Is there no way to stop Republicans from pretending to be Ronald Reagan? One of the most painful and least valid aspects of the introduction of Rep. Paul Ryan as Mitt Romney’s running mate has been the clumsy but predictable effort to don “the mantle of Reagan.”*** Can we retire the man’s coat, already? If there is one thing that is clear about the modern Republican Party it is that none of the characters who have shuffled on and off its “frontrunner” list in this cycle have the shoulders for that garment.
Certainly not Mitt Romney. In spite of the historical revisionism about The Gipper since his death, he was neither Rambo nor a man who refused to raise taxes. Reagan was a conciliator, and his leadership style was practical even when his rhetoric was overblown. And Reagan was a creature of the midwestern middle class – the kind of guy whose “mantle” would be a “respectable Republican cloth coat,” as Richard Nixon described it so many years ago. Mitt’s bespoke silk-lined wardrobe hardly fits that humble standard.
Enter Paul Ryan, legitimately a son of the Midwest and of America’s middle class. Back in May, with a speech at the Reagan Presidential Library, he placed his own bid on the Ronald’s Technicolor Dreamcoat, promising that if Mitt Romney won in November, the GOP would turn 2013 into 1981 all over again.
“Romney Ratifies Reagan with Ryan Pick,” intoned Fox News.
With Romney offering so little detail on his own budget priorities to date, one has to assume at this point – whatever Romney may say to the contrary – that the that the budget Ryan championed as House Budget Chairman first in 2011 and then again earlier this year represents the campaign’s baseline at the moment.
So, if a Romney-Ryan ticket were to win, would an effort to ram the Ryan budget through Congress in 2013 satisfy the most important litmus test of the modern GOP: “What Would Reagan Do?

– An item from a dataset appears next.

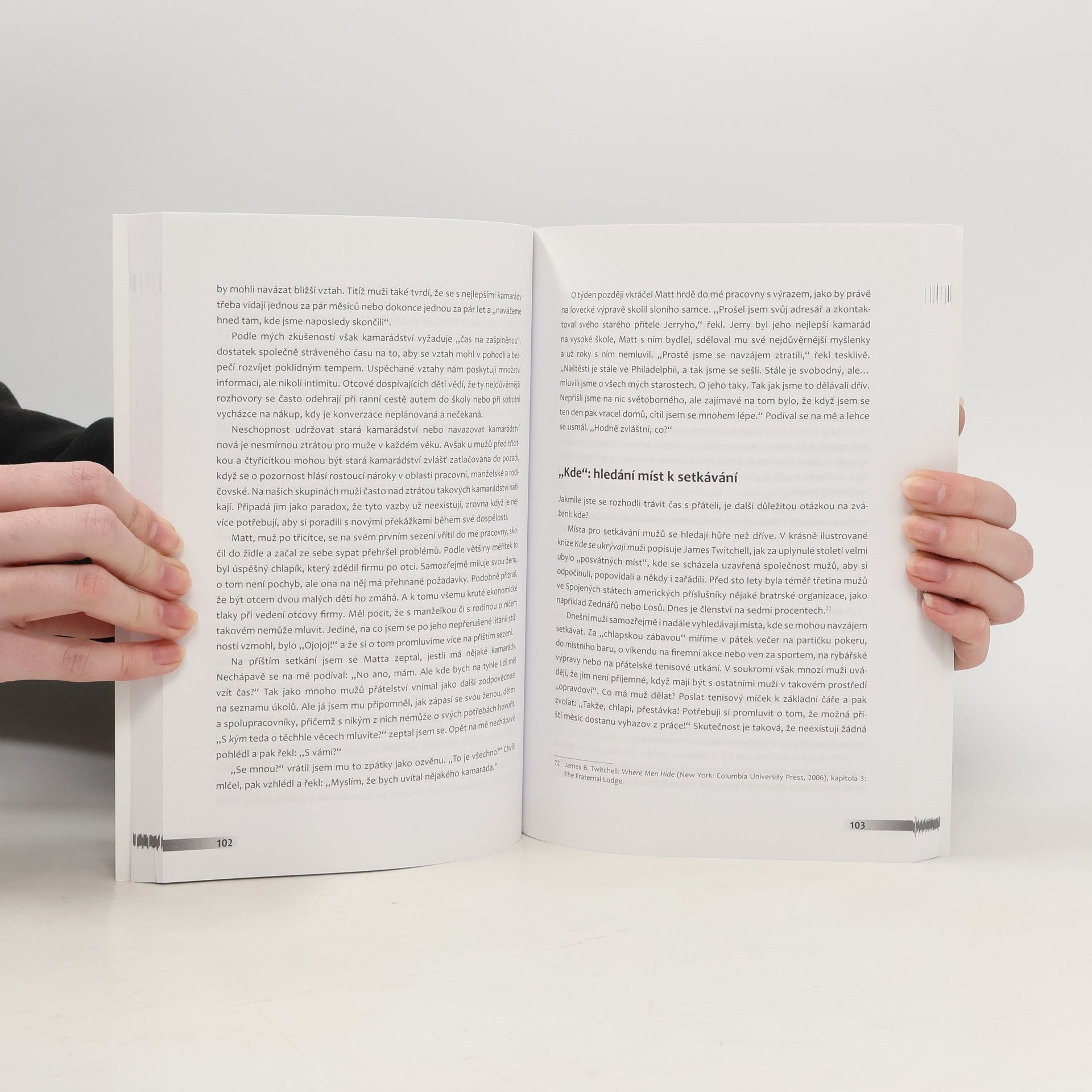 Klíč k mužským emocím. V minulosti se muži řídili tím, co autor nazývá mužským kódem – pevným souborem vodítek a norem, které vedly muže ke stoicismu, tichosti a síle. Změny mužské role v posledních desetiletích vyvíjejí na muže tlak, aby přestali své emoce skrývat. Zkušený psychoterapeut zkoumá jedinečné výzvy, jimž dnešní muži čelí, vybízí je k opuštění mužského kódu a rozvíjení mužství, které slučuje tradiční mužské vlastnosti s dovednostmi emoční intimity. Ve svých „laboratořích přátelství“ vybízí muže, aby s ostatními muži vytvořili pouto založené na čtyřech pravidlech – kontaktu, komunikaci, závazku a spolupráci – jako základu smysluplných vztahů. Vychází ze skutečných příběhů i výzkumných poznatků a ukazuje, že důvěrné přátelství může být základem pro budování a udržení hlubokých vztahů se všemi blízkými, včetně partnerek, dětí a rodičů, a umožňuje mužům vést šťastnější a zdravější život.
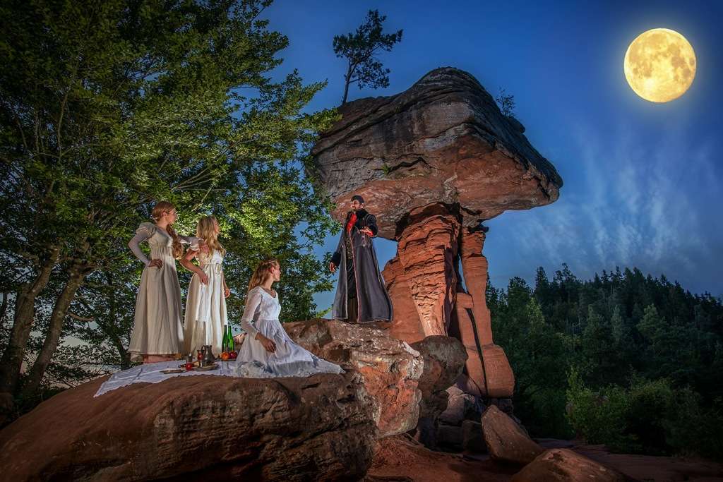Entstanden sind zwölf Motive zu bekannten Sagen oder historischen Besonderheiten, die mit der Westpfalz in Verbindung stehen. Fotograf Harald Kröher lichtete die jeweilige Szenerie mithilfe von professionellen Models und aufwendigen Requisiten – sogar ein Pferd wurde gemietet – an den einzelnen Standorten ab. Bei der Herausforderung, die passende Garderobe für die meist im Mittelalter oder in der

Set aside the question of whether the 1981/2013 comparison is valid or not (the case is dubious at best) and let’s look at what Reagan actually did when he took office. In fact, rather than attack government spending with the Sword of Damocles, or even the Pen of Ryan, as the sepia-toned remembrances of party lore, Reagan actually worked quite deftly with a Congress in which Democrats held power in both chambers.
Faced with a difficult economy and divided government, Reagan chose to mix tax cuts with stimulus spending and, yes, tax increases, too. Bruce Bartlett, an economic advisor to Reagan and a Treasury official under George H. W. Bush, professes amazement at the twisting of the historical record by those too young to remember the factual Reagan (as opposed to the guy in the red cape).
As I wrote in my book earlier this year, Bartlett reminds us, “The cumulative legislated tax increase during his administration came to $132.7 billion as of 1988 [$367 billion today]. This compared to a gross tax cut of $275.1 billion. Thus Reagan took back about half the 1981 tax cut with subsequent tax increases.”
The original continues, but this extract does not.